Seaton Village is bordered by Bloor Street to the south, the Canadian Pacific Railway tracks to the north, Christie Street to the west and Bathurst Street to the east. It is within the broader ‘The Annex’ neighbourhood, as defined by the City of Toronto, thought not in most Annex residents’ minds!
Although the Koreatown shopping district is at its southern border, Seaton Village can sometimes be referred to as the “West Annex”. While Seaton Village shares several characteristics with the area to the east (notably its architecture and its popularity with University of Toronto students), it is generally quieter, more family-oriented – and with smaller, less expensive homes.

Seaton Village Map
The area consists of primarily semi-detached single family homes dating to the start of the 20th century. Most are of solid brick construction, while some have only a facade of brick.

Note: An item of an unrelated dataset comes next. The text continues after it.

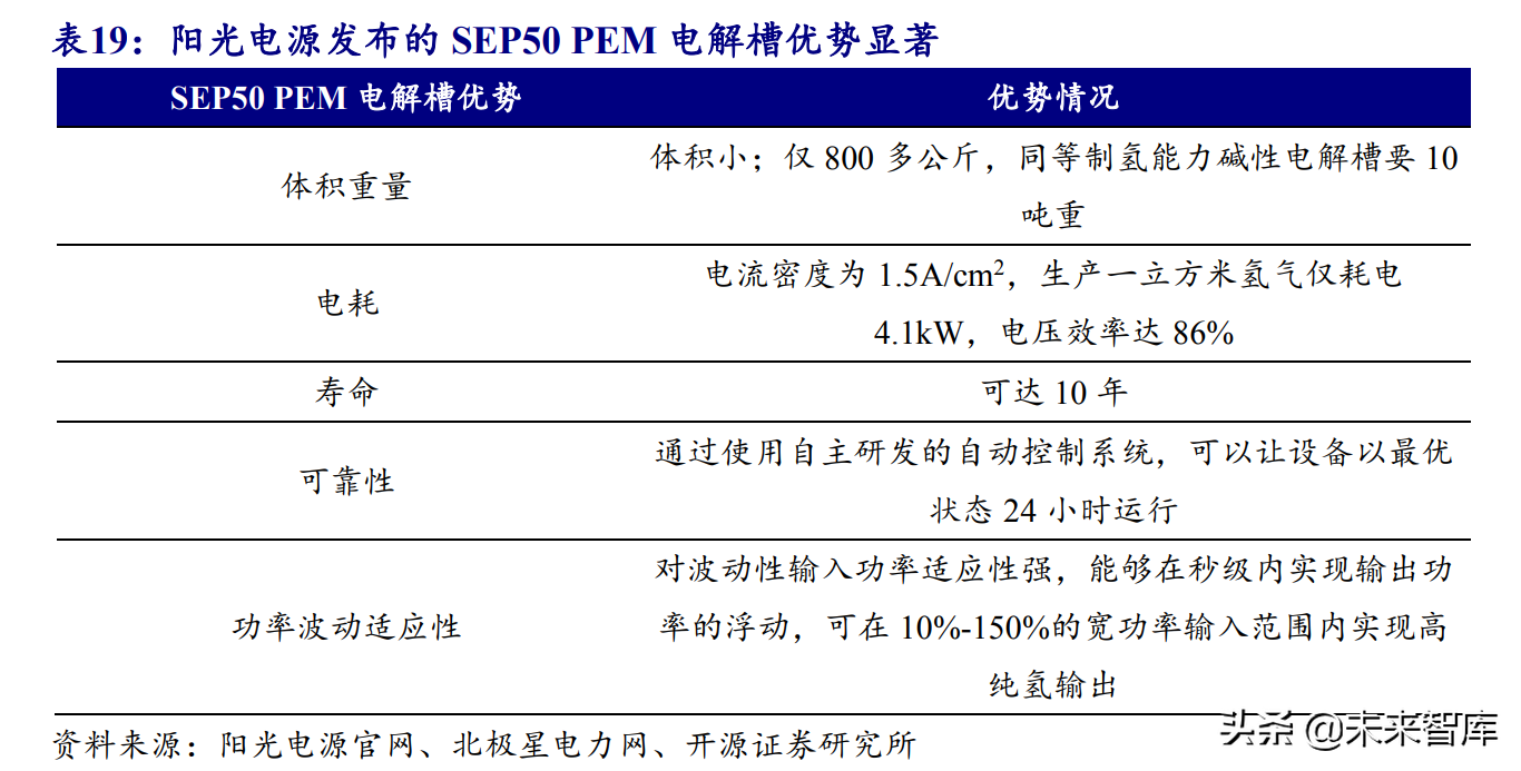 阳光电源大力研发可再生能源制氢设备。2021 年 3 月 18 日,阳光电源发布的国内首 款绿氢 SEP50 PEM 电解槽处于国内领先地位。该电解槽紧凑轻巧,仅 800 多公斤、 直流电耗低、拥有长寿命、高可靠性、功率波动适应性更强等优点。阳光电源正在研 发新一代产品,以实现更高的功率和更长的寿命,并使电解水制氢的成本更低。

Most of the trees planted at the same time as the houses were built are still standing.
Vermont Square Park is almost right in the middle of Seaton Village. The park has a playground, including a wading pool. St. Albans Boys and Girls club (where I hung out after school) and the Bill Bolton hockey arena (where I played hockey as a kid) are also located in the park. Christie Pits is right on the western edge of the area, providing a wealth of outdoor activities.
There are several small businesses located along Dupont Street, with a Loblaws supermarket located on the northeast corner of Christie and Dupont. The neighbourhood is served by two subway stations – Bathurst and Christie. Buses run north from both stations, and buses run along Dupont. Many streetcars run out of Bathurst station, as far down as the lake and Exhibition Place.

Seaton Village Real Estate
The Village of Seaton once existed as an actual village – north from Bloor to Hammond (now Dupont), between Bathurst and Hope (now Manning) Streets. Situated just west of Yorkville, this area was annexed by the City of Toronto in 1887 as the city made its northward push into what was then the suburbs. The origins of Seaton are an interesting tale involving some of the earliest residents of Toronto.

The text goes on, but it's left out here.